異例の対応に国民から賛否の声が出ている。政府には納得のいく説明が求められる。

 参院選の街頭演説中に銃撃されて死去した安倍晋三元首相の葬儀について、岸田文雄首相が記者会見で、秋に「国葬」として実施することを明らかにした。

 首相経験者の国葬は1967年の吉田茂元首相以来だ。最近の首相経験者の葬儀は、内閣と自民党が費用を分担する「合同葬」が通例だった。

 安倍氏を国葬とすることについて、岸田首相は「わが国は暴力に屈せず、民主主義を断固として守り抜く決意を示す」と強調した。

 憲政史上最長の8年8カ月、首相の重責を担い、外国首脳を含む国際社会から高い評価を受けていることなども理由に挙げた。

 これに対し、国民からは「功績の大きさから国葬は当然」との見方がある一方、「国葬までする必要があるのか」と否定的な意見も出ている。

 国葬の決定も唐突だった。冷静に幅広く意見を聞き、議論の末決めていくべきではなかったか。

 国葬は国の儀式として全額国費が充てられ、費用も高額となるとみられる。

 税金で賄うことに理解は得られるのか。どういう形で国民が参加するのかも不明だ。

 岸田首相は国葬の実施について、国の儀式を所掌するとした内閣府設置法を根拠に挙げ、閣議決定により可能だと説明する。しかし、国葬の対象者や実施要領を明文化した法令はない。

 安倍氏の実績を巡っては、さまざまな功罪が指摘されている。今後検証すべき点も多い。

 強いリーダーシップや政策実行能力などが高く評価されている半面、森友・加計学園や「桜を見る会」を巡る問題では、説明責任を尽くさなかった。真相は依然として闇の中だ。

 桜を見る会に関しては、国会でうその答弁を積み重ねた。国会軽視の姿勢も忘れてはならない。

 岸田首相が国葬の決断をしたのは、自民党役員会で「国葬にしたらどうか」との意見が複数上がったのを受けてのことだとされる。党幹部と方向性を確認し、安倍氏の妻・昭恵さんに電話で伝えて了承を取ったという。

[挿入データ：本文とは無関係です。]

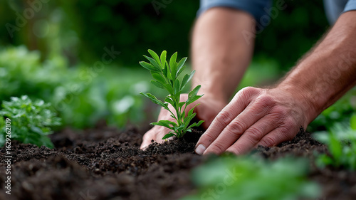 Close-Up of Hands Gently Planting Young Tree in Natural Soil Surrounded by Eco-Friendly Garden Items and Soft Sunlight Symbolizing Environmental Responsibility
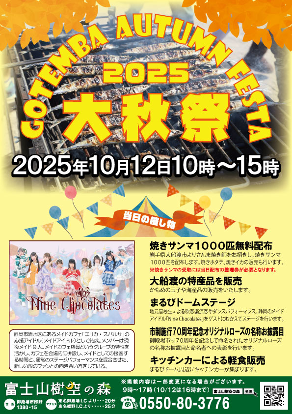 樹空の森の秋の風物詩、サンマを食べながらステージのパフォーマンスで一日楽しみましょう!
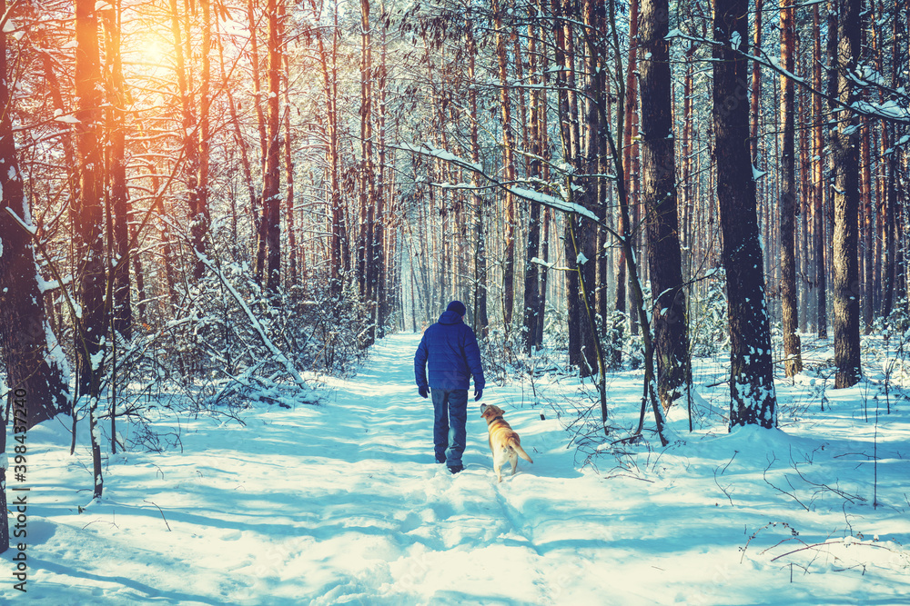 Man and dog are best friends. A man with a dog walks in a snowy forest on a sunny winter day
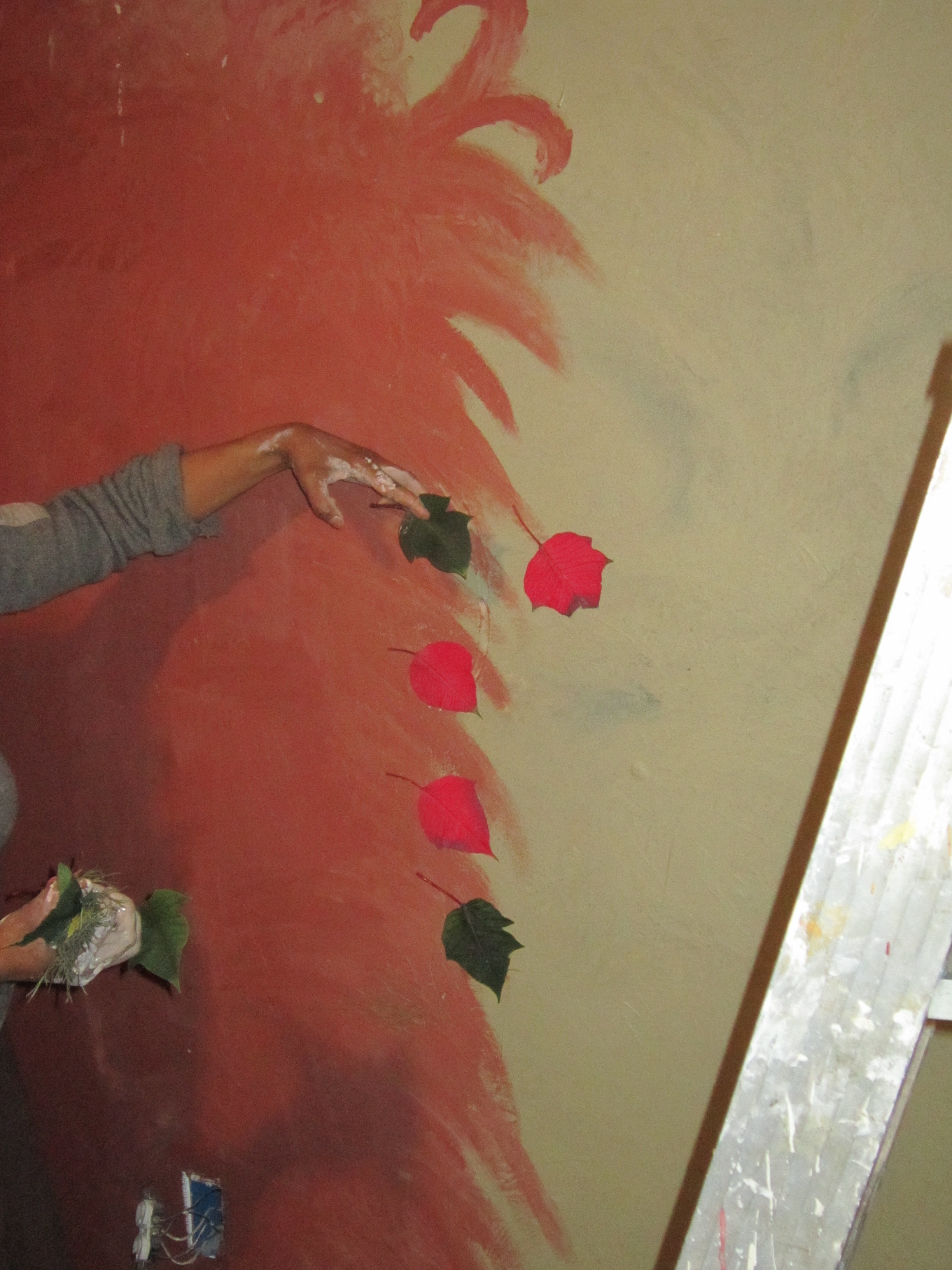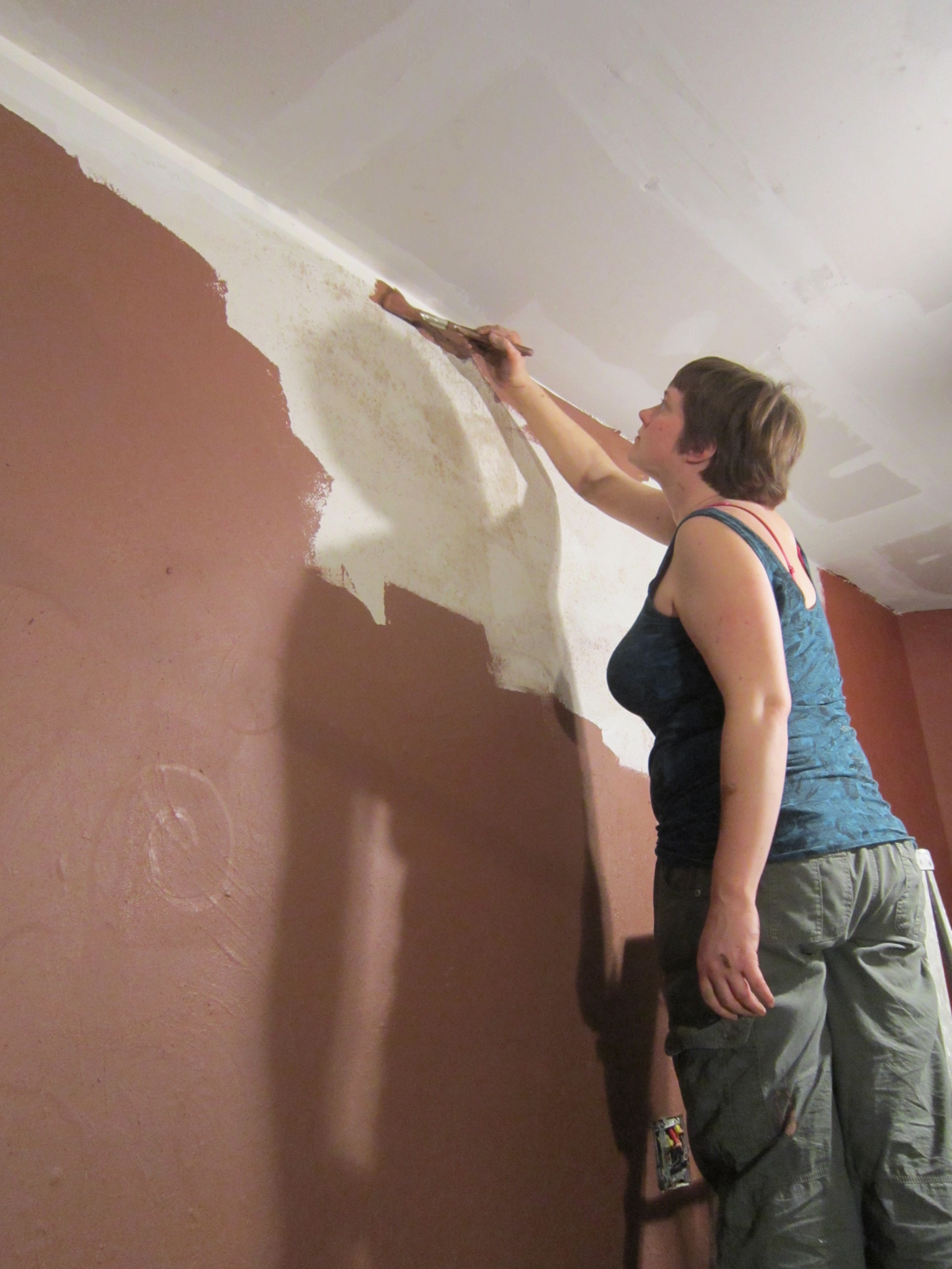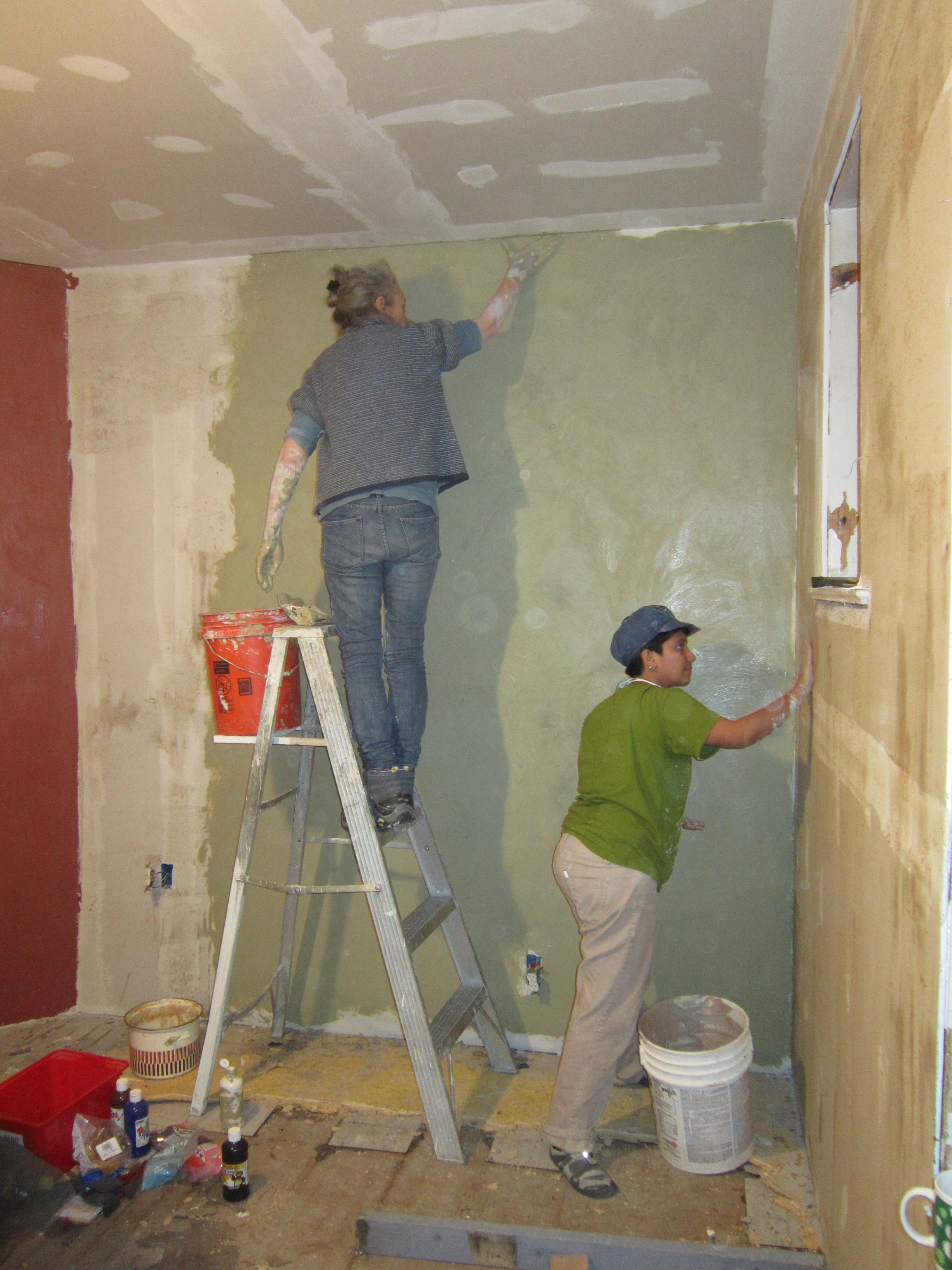 We applied a wheat and water paste (yes, just wheat and water heated for 30 minutes) on the walls before applying the paint to function as a binding agent.
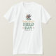 Esta camiseta blanca es ideal para una despedida de soltero o evento de "día de campo". La camiseta cuenta con una divertida ilustración de un hombre con traje corriendo con un trofeo, rompiendo la línea de meta. Debajo de la imagen están los detalles de su evento.
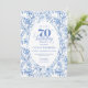 Celebrate a milestone in timeless style with this 70th Birthday Invitation featuring elegant French Toile de Jouy navy roses. Designed in navy blue, royal blue, dusty blue, and deep blue floral tones, this personalized invitation adds classic charm to any celebration. Perfect for a chic, vintage-inspired party, it can be customized with name and details for a truly memorable event.
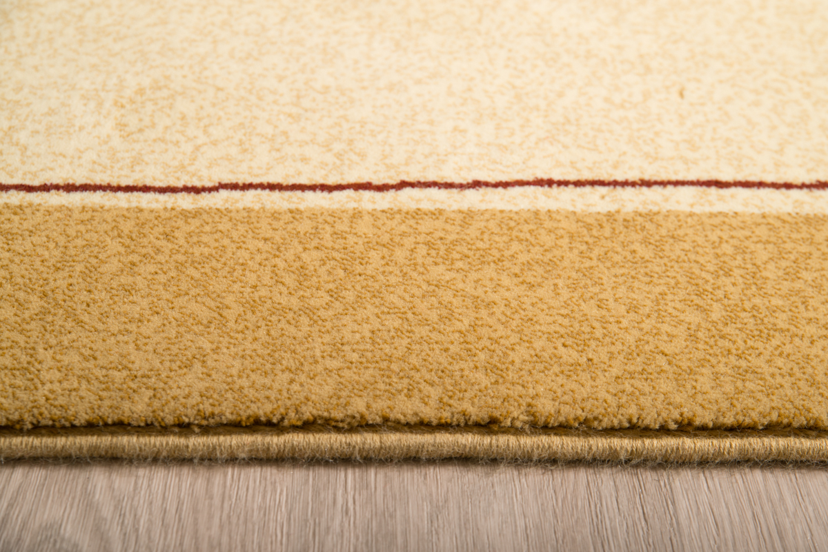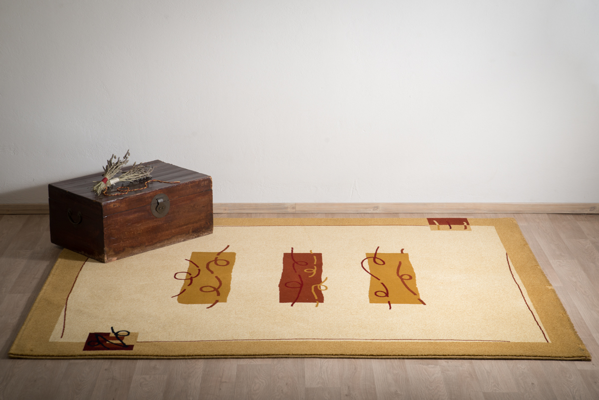 Σύμμεικτο μοντέρνο χαλί μηχανής με μπεζ βάση και αφηρημένο σχέδιο σε αντίθεση.
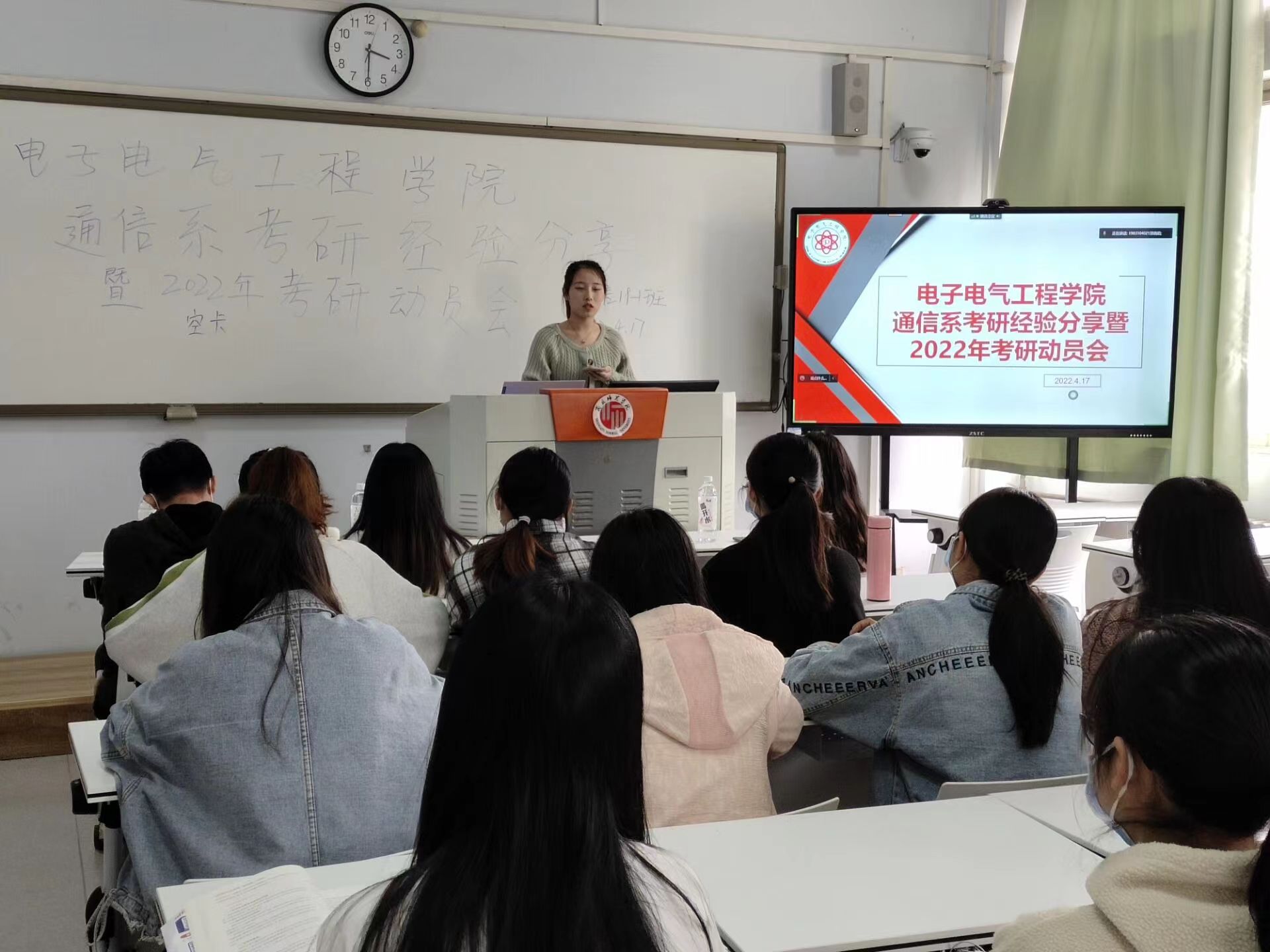 4月17日,太阳成tyc7111cc官网通信工程系于睢阳校区召开“通信工程系考研经验分享暨2022年考研动员会”。出席动员会的老师有杨同辉、马绍朔、陈梅、王建波、高峰、曹连江、郑世旺等。
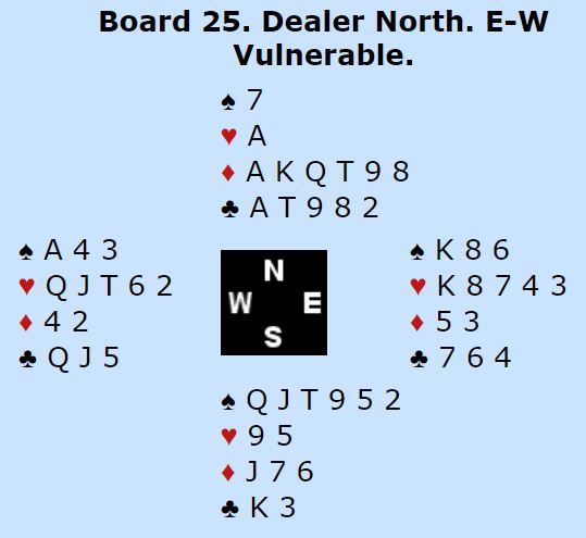Slik gikk spillet, kl A, kl 2 til røff, spar til knekten og begge fulgte. Da tok Vest de to godspilte stikkene i kløver og sakte en ruter og en hjerter. Avslutningen ble å satse på finesse i ruter, og da ru 7 ble spilt til liten dame og lavt kort fra Syd også var resten enkelt! 13 stikk ga ren topp!
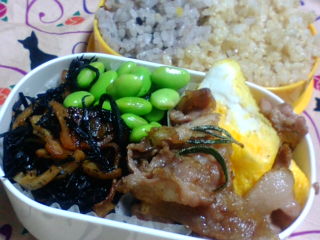 昨日1.8合玄米を炊いたのに、いつもの四等分(他三つを冷凍する)にならずに、家の雑穀米も詰めてきました。ひじきは焦がすし、お肉は適当だし、玉子には味付けなしだし、電車に間に合ったのが不思議なくらい。…てか、この程度の内容なのに電車にも間に合わなかったら最悪だよなー(笑)
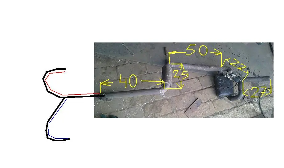Вообщем внутринний диаметр труб на фотографии 36мм , внешний диаметр дорисовенных труб тоже 36 ( внутриннйй примерно 34 ) , длина патрубка по красной линии 70 см , по синей 46см , ну и размеры на фото все в сантиметрах естественно.
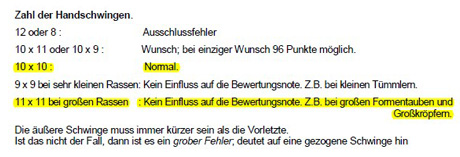 Somit sollte es bei ansonsten gleichwertigen Tieren den Vorzug für zehn Handschwingen geben, eine Abwertung von Tieren mit elf (oder neun) Schwingen (sogar unsymmetrisch) ist jedoch nicht möglich.

 安倍氏は党内最大派閥を率い、保守層の支持も厚かった。岸田首相には、国葬にすることで党内対立を避ける狙いもあるのではないか。政治的な意図が透ける。

 安倍氏が志半ばで凶弾に倒れたことに、多くの国民は衝撃を受け、深い悲しみを抱いていることは事実だろう。

 一方で、国葬とすることにより懸念される点もある。安倍氏の負の側面に向き合わず、ふたをしてしまうことにつながらないか。

 言論の自由と民主主義を守る意義をもう一度確認したい。